*DIRECTIONS:* In the records below, find the line with "Porte clés représentant", then copy each line exactly until you have copied the line with "應(yīng)用了高流明投影". Leave any picture out.
START PROVIDED MATERIAL
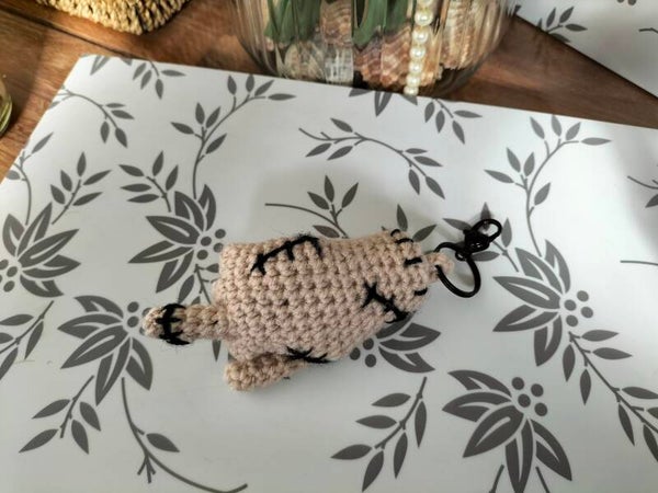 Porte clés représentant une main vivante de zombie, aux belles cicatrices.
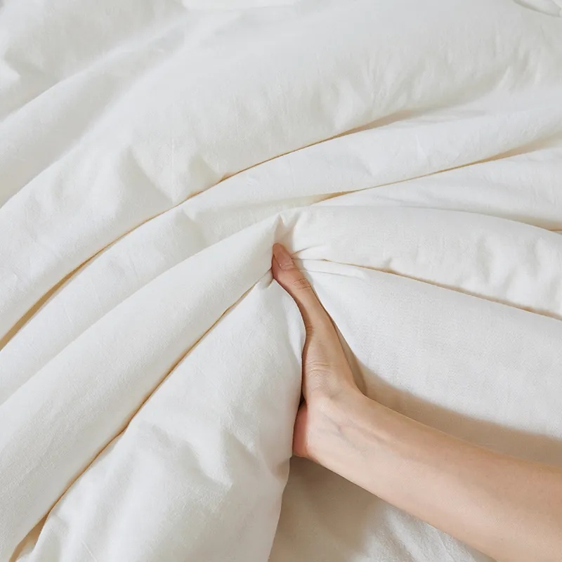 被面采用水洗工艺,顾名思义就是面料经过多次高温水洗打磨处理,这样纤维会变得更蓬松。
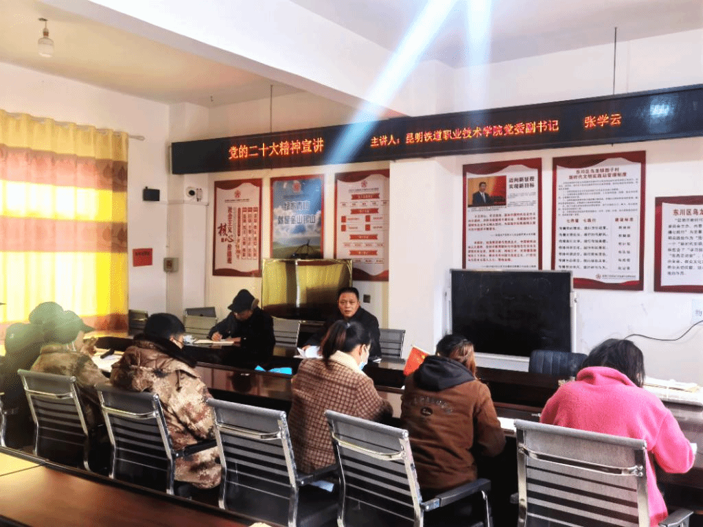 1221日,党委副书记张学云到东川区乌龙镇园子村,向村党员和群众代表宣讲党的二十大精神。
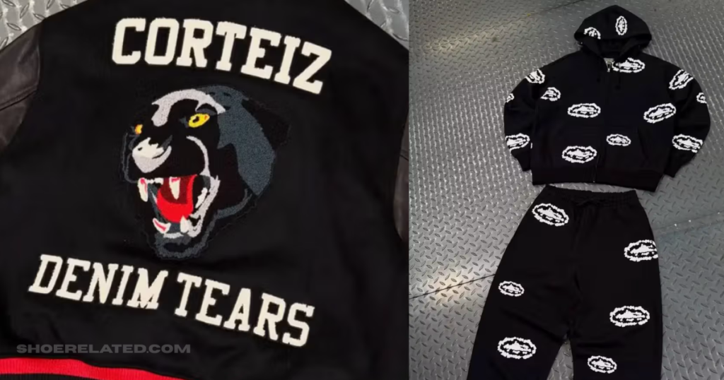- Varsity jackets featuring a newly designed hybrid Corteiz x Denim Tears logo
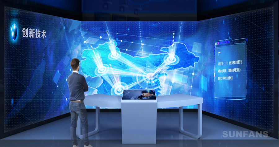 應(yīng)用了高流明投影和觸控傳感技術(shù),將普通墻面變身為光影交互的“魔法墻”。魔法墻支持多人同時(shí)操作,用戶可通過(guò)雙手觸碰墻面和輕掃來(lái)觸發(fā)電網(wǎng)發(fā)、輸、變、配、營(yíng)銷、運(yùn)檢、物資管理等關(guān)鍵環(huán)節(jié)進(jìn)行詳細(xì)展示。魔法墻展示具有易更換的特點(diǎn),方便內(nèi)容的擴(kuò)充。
END PROVIDED MATERIAL
START PROVIDED MATERIAL
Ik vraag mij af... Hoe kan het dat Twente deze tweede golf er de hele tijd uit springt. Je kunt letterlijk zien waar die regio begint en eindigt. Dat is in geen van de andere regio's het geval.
END PROVIDED MATERIAL
*WRITTEN RESPONSE:*
 Porte clés représentant une main vivante de zombie, aux belles cicatrices.
 被面采用水洗工艺,顾名思义就是面料经过多次高温水洗打磨处理,这样纤维会变得更蓬松。
 1221日,党委副书记张学云到东川区乌龙镇园子村,向村党员和群众代表宣讲党的二十大精神。
- Varsity jackets featuring a newly designed hybrid Corteiz x Denim Tears logo
 應(yīng)用了高流明投影和觸控傳感技術(shù),將普通墻面變身為光影交互的“魔法墻”。魔法墻支持多人同時(shí)操作,用戶可通過(guò)雙手觸碰墻面和輕掃來(lái)觸發(fā)電網(wǎng)發(fā)、輸、變、配、營(yíng)銷、運(yùn)檢、物資管理等關(guān)鍵環(huán)節(jié)進(jìn)行詳細(xì)展示。魔法墻展示具有易更換的特點(diǎn),方便內(nèi)容的擴(kuò)充。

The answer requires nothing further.